Activity:
Which lines run from the line with "Eversense Aura White" through the line with "lo sacamos y" in the entries below? Print them exactly, both ends included, and nothing more.

Information START

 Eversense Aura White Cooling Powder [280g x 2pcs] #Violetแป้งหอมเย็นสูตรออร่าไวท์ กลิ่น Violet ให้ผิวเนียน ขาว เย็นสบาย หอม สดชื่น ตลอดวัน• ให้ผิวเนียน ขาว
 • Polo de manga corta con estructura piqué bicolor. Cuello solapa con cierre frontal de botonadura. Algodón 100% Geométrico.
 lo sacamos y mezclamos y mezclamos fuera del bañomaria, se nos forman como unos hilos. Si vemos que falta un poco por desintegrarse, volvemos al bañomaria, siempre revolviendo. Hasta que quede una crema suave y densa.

Information END
Information START

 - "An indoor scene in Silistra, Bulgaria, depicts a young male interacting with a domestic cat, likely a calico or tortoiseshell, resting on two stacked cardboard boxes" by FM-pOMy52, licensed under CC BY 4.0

Information END
Information START

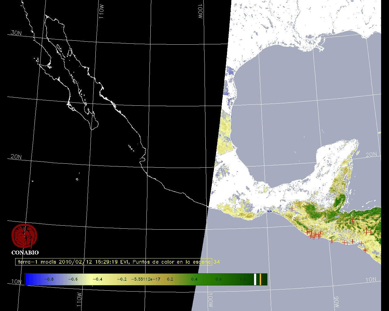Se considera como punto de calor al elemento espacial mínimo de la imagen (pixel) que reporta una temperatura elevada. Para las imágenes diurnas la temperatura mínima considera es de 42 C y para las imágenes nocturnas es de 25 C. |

Information END

Your solution:
 Eversense Aura White Cooling Powder [280g x 2pcs] #Violetแป้งหอมเย็นสูตรออร่าไวท์ กลิ่น Violet ให้ผิวเนียน ขาว เย็นสบาย หอม สดชื่น ตลอดวัน• ให้ผิวเนียน ขาว
 • Polo de manga corta con estructura piqué bicolor. Cuello solapa con cierre frontal de botonadura. Algodón 100% Geométrico.
 lo sacamos y mezclamos y mezclamos fuera del bañomaria, se nos forman como unos hilos. Si vemos que falta un poco por desintegrarse, volvemos al bañomaria, siempre revolviendo. Hasta que quede una crema suave y densa.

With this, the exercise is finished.